Thomas Omotayo, a public school teacher decried the fact that many state governments and many private school owners are paying lip service to the need of sports and extra-curricular activities in primary and secondary schools which should serve as a grooming ground for talent discovery and mentorship.

“It is a pity that our school system is lagging behind sport-wise. Stakeholders and shareholders in the education sector seem to have jettisoned the needs for sports and sporting facilities in our schools,” he said.

Besides, the inadequate sport funding by the various government, another issue hindering the sports development of Nigerian youth, especially, the female gender is the anti-sports position of many parents.

For instance, Oluwatobiloba Amusan a gold medal-winning Nigerian track and field athlete who specialises in the 100 metres hurdles and also competes as a sprinter had a discouraging parental disposition to her career.

Our Lady of Apostles Secondary School, Ijebu-Ode before proceeding to the University of Texas at El Paso in the United States Of America (USA).

The Our Lady of Apostles Secondary School in Ijebu Ode, told the story of her father stood against her sporting interest even while still in secondary school

“My mum was in full support of my athletics career but dad wanted me to focus on school.

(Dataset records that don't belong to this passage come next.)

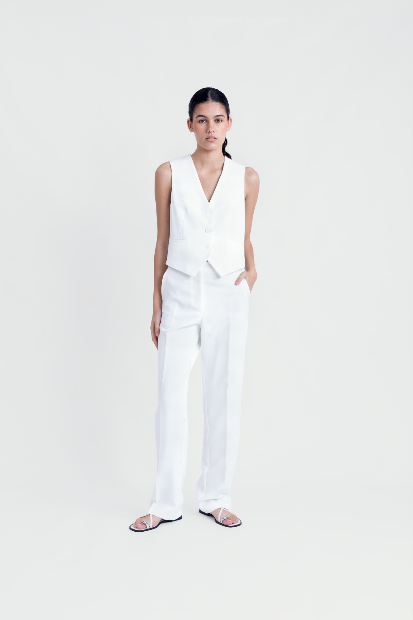 chaleco recto blanco 89% poliester reciclado 11% elastano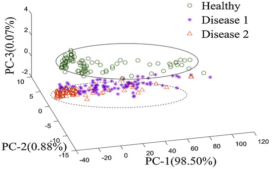 PCA is an unsupervised feature extraction algorithm that projects high-dimensional data matrices onto a lower-dimensional space, selecting independent variables with the greatest variance contribution as the principal components. This algorithm reduces dimensionality while retaining information from the original data [65]. In the detection of apple valsa canker, Zhao et al. [66] utilized the PCA algorithm to perform a linear combination of independent variables from the raw Raman spectral data and ranked them based on their variance contribution rates. The first two principal components achieved a cumulative contribution rate of 99.38%. By analyzing the correlation between the principal components and the original variables (x-loadings), the Raman spectral feature wavenumbers were reduced from 994 to 5, thereby extracting wavenumbers closely related to the disease. This reduction in data dimensionality not only avoided model overfitting but also improved the model’s generalization ability and accuracy. However, when the data contain noise or the dataset is large, PCA’s ability to calculate variance is affected, leading to increased computational costs.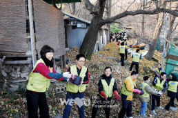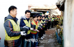 El prójimo que recibió las briquetas de carbón fueron 100 hogares de ancianos que viven solos y beneficiarios del programa de subsistencia en el pueblo de Nokcheon. Los miembros entregaron kimchi, arroz y sets de regalos para las familias de escasos recursos. La Presidenta Zahng Gil-jah los consoló, diciendo: “Los miembros de la Fundación WeLoveU prepararon estas cosas con todo su corazón. Por favor estén saludables en el frío invierno”.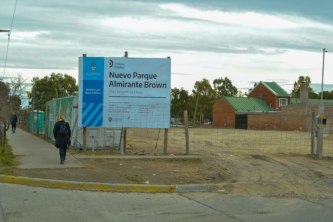 Avanza en Trelew la construcción del Parque Almirante Brown, que estará ubicado en calle Capitán Murga, entre Bolivia y Belgrano, en la zona sur de la ciudad. Se trata de una obra proyectada en el marco del convenio firmado por el Municipio y el Ministerio de Obras Públicas de la Nación, como parte del plan federal Argentina Hace.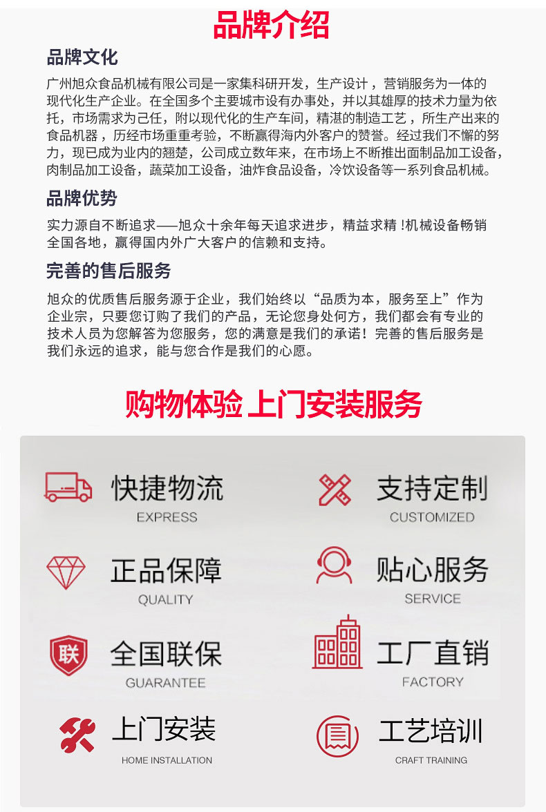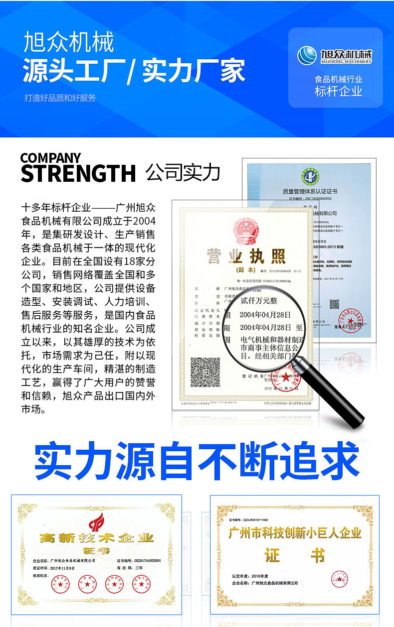 廣州旭眾食品機(jī)械有限公司是一家集科研開發(fā),生產(chǎn)設(shè)計,營銷服務(wù)為一體的現(xiàn)代化生產(chǎn)企業(yè)。現(xiàn)代化生產(chǎn)車間,精湛制造技術(shù),所產(chǎn)機(jī)械歷經(jīng)市場重重考驗(yàn),不斷贏得海內(nèi)外客戶的贊譽(yù)。

He limited my time at the stadium, but I used to sneak to the track thanks to Mum telling Dad I’d gone to church!” she stated.

Similarly, Asisat Oshoala, Super Falcons striker revealed that she faced a lot of challenges with her family before she started playing professionally.

“Growing up, I never had the intention to play football. I wanted to be a lawyer. But I changed my mind because I saw I was good at playing football.

“My parents did not want me to play football. I was always punished every time I got back home dirty, especially my dad because he wanted me to focus on school work.

“Sometimes, they would refuse to give me food as punishment whenever I went to play football. And I would have to run to my grandma’s place so they wouldn’t beat me.

However, it all changed when the opportunity to play for FC Robo came,” Oshoala said in her FIFA documentary.

This is unlike Iga Tomasz, the father of Swiatek, who took it upon himself to bring out the best in his child.

Swiatek’s victory at the 2020 Roland Garros (French Open) is already leaving its mark on the country’s sports circle. She is confident that her performance at the tournament will help to trigger the organisers of the WTA-rank tournament on Polish soil.

And that will mean a much more foreign exchange income for her home country.

It is high time Nigeria put the needed structures in place that will drive sports and education to the peak and position the country amongst the best in the international community.